- Also known as: Sayvee, Godogala man
- Born: Saviour Kwaku Adzika 25 April 1984 (age 42) Takoradi, Ghana
- Origin: Anyako, Volta Region
- Genres: Hiplife
- Occupations: Singer, rapper, CEO, Facilities and Project Manager
- Instrument: Vocals
- Years active: (2003–present)
- Label: CorpNation
- Website: corpnationfoundation.org

= Corp Sayvee =

Ghanaian hiplife recording artist

Saviour Kwaku Adzika (born 25 April 1984), popularly known as Corp Sayvee, is a Ghanaian hiplife recording artist from Takoradi. He is well known for his single "Fantefo Na Brofoa".

== Early life ==
Corp Sayvee, the fourth of six children, was born and raised in Takoradi to parents Mr. and Mrs. Adzika. He first attended Naval Base Basic in Takoradi where he completed his Junior Secondary School level. He then gained admission into Ghana Secondary Technical School (GSTS). He is an alumnus of University of Ghana and Kwame Nkrumah University of Science and Technology.

== Music career ==
Sayvee became active in Ghana's music industry in 2003. He was signed to Hammer's music group, The Last Two in 2005.
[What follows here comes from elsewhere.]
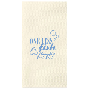 Zoom Show guides Loading product One Less Fish Bachelorette Napkin Patterned Diamond Cocktail Napkin Design ID: 2456992 Click on swatch to see options Choose Your Napkin Color Active Color Patterned* - Premium Product Patterned* - Premium Product Exclusive FYP patterns. Single-sided color. Pindot embossed edge. Product pricing applies. Oak Wood Walnut Wood Ebony Wood Ash Wood Birch Wood Marble Sand Marble Gray Marble Navy Marble Taupe Marble Blush Ombre Black Ombre Navy Ombre Robin’s Egg Blue Ombre Rose petal Ombre Coral Watercolor Sea Glass Watercolor Ocean Watercolor Nightfall Watercolor Sangria Watercolor Hibiscus Watercolor Rose Watercolor Sunrise Leaf Sand Leaf Fern Leaf Rain Leaf Rose Tie Dye Sunflower Tie Dye Leaf Tie Dye Turquoise Tie Dye Fuchsia Choose Your Imprint Foil Color Active Color Shiny Foil Shiny Foil Metallic, lustrous finish. *Specialty patterned foil may vary on final print Shiny Champagne Shiny Sterling Silver Shiny 18 Kt Gold Shiny Kiwi / Lime Shiny Leaf Shiny Spruce Shiny Jade Shiny Royal Blue Shiny Amethyst Shiny Fuchsia Shiny Rose Quartz Shiny Rose Gold NEW Shiny Merlot Shiny Convertible Red Shiny Poppy Shiny Copper *Shiny Holographic Gold *Shiny Holographic Silver *Shiny Rainbow Matte Foil Matte Foil Flat finish. Matte NEW Chocolate Matte Black Matte Slate Gray Matte Dove Grey Matte White Matte Ivory Matte Mimosa Yellow Matte Sunflower Matte Key Lime Matte Leaf Matte Teal/Peacock Matte Azure Matte Royal Blue Matte Navy Matte Amethyst Matte Pastel Pink Matte Ballet Pink Matte Fuchsia Matte Lipstick Red Matte Merlot Matte Tangerine Satin Foil Satin Foil Muted sheen, brushed finish. Satin Sterling Silver Satin 18 Kt. Gold Satin Copper Penny Satin Fuchsia Satin Lipstick Red Satin Leaf Satin Teal / Peacock Satin French Blue Satin Plum Personalize Your Text Line 1 Line 2 Personalize further with different fonts, graphics, positioning, and sizes. (Optional) Customize More Choose Your Quantity Subtotal PRICE INCLUDES: Select a Proof Option: Print As Is I confirm that I have reviewed my design and I understand it will be produced as shown and no proof will be provided. Digital Proof + $15 I would like an expert FYP designer to look at my design, make minor corrections if necessary, and send me a black and white proof before the order is produced. Orders delivered as soon as 05.11.2026. Exclusions apply. Share Your Design About This Design A custom napkin is a fun detail at a bachelorette party! Celebrate one less fish with this personalized napkin. Product Details Product Details Classic 3-ply tissue with pindot embossed edge Measures approximately 4.75" x 4.75" Signature foil stamp included Bulk discounts available Expedited shipping options available. Product Description Product Description Our Patterned Cocktail Napkins showcase a variety of captivating designs that suit different themes and aesthetics. They feature eye-catching patterns that effortlessly elevate the visual appeal of your table setting. Whether you're hosting a formal dinner party, a casual get-together, or a themed event, our Patterned Cocktail Napkins complement any occasion. Their versatility and visual impact allow you to create a memorable atmosphere that reflects your unique taste and style. Embrace the beauty of these intricately patterned napkins and create an ambiance that exudes fun and sophistication. Product Options Patterned Diamond Cocktail Napkin Diamond Cocktail Napkin Diamond Crosshatch Cocktail Napkin Diamond Linen Like Cocktail Napkin Diamond Shimmer Cocktail Napkin Diamond Top Scalloped Luncheon Napkin Diamond Petite Napkin Diamond Luncheon Napkin Woven Diamond Cocktail Napkin Paper Guest Towel Shimmer Guest Hand Towel Paper Guest Towel Related Products Patterned Diamond Cocktail Napkin Diamond Cocktail Napkin Diamond Crosshatch Cocktail Napkin Diamond Linen Like Cocktail Napkin Diamond Shimmer Cocktail Napkin Diamond Top Scalloped Luncheon Napkin Diamond Petite Napkin Diamond Luncheon Napkin Woven Diamond Cocktail Napkin Paper Guest Towel Shimmer Guest Hand Towel Paper Guest Towel
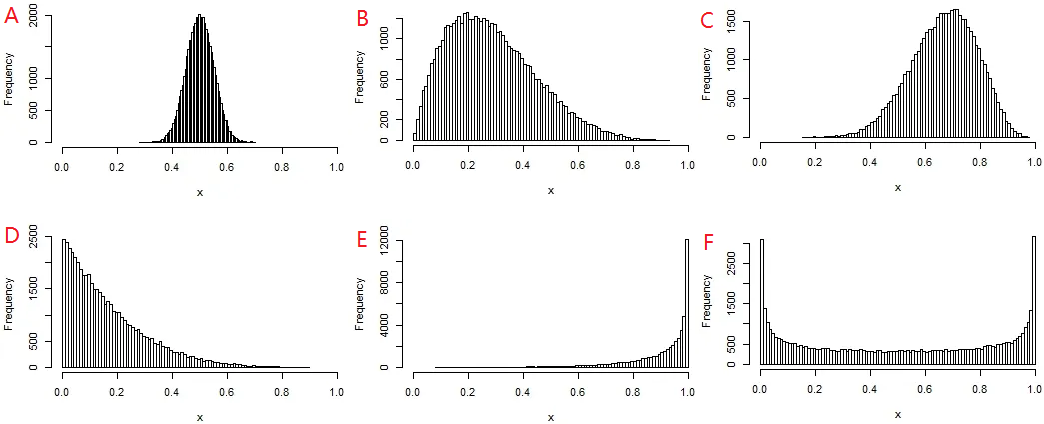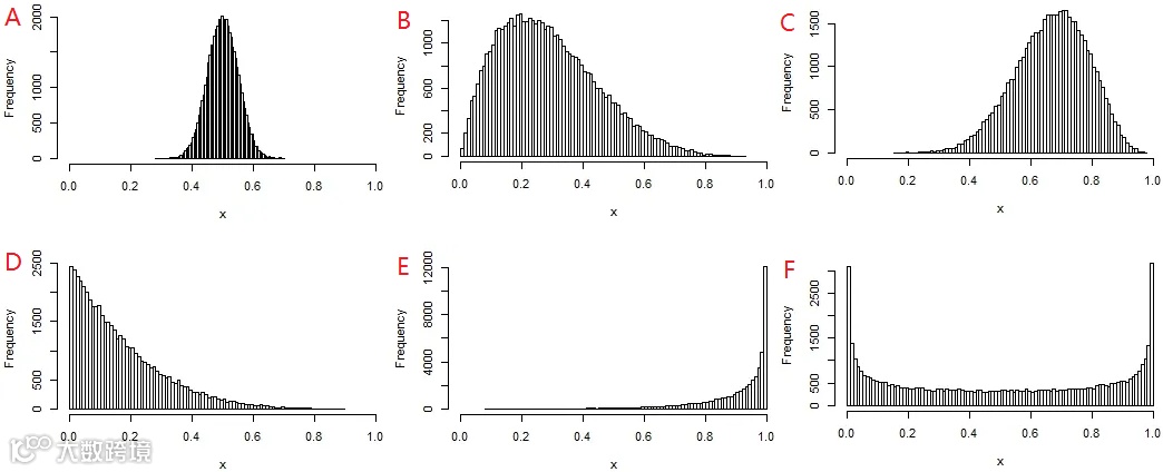 也可以看到,beta分布中某些状态大致与正态分布相同,例如A样式。常规的线性回归假定响应变量服从正态分布,对于呈现A样式beta分布的响应变量,或许可以通过一般线性回归进行参数估计。但若是D、E、F这种,线性回归将会产生较大的偏差。

In 2008, he launched his maiden album titled "Time to Love" in Takoradi. Corp Sayvee has worked with Ghanaian artists including Sarkodie, Jupitar, Castro, Kwabena Kwabena, Keche, Quata, Atsu Koliko, Nero X among others.

== Business career ==
Sayvee is the founder and CEO of the CorpNation Foundation, a non-profit which supports young entrepreneurs and researchers. Its activities has included the "Corp Tour", visits to secondary schools in order to educate students about topics such as savings, investments and work-life balance, and hosting events to promote peace.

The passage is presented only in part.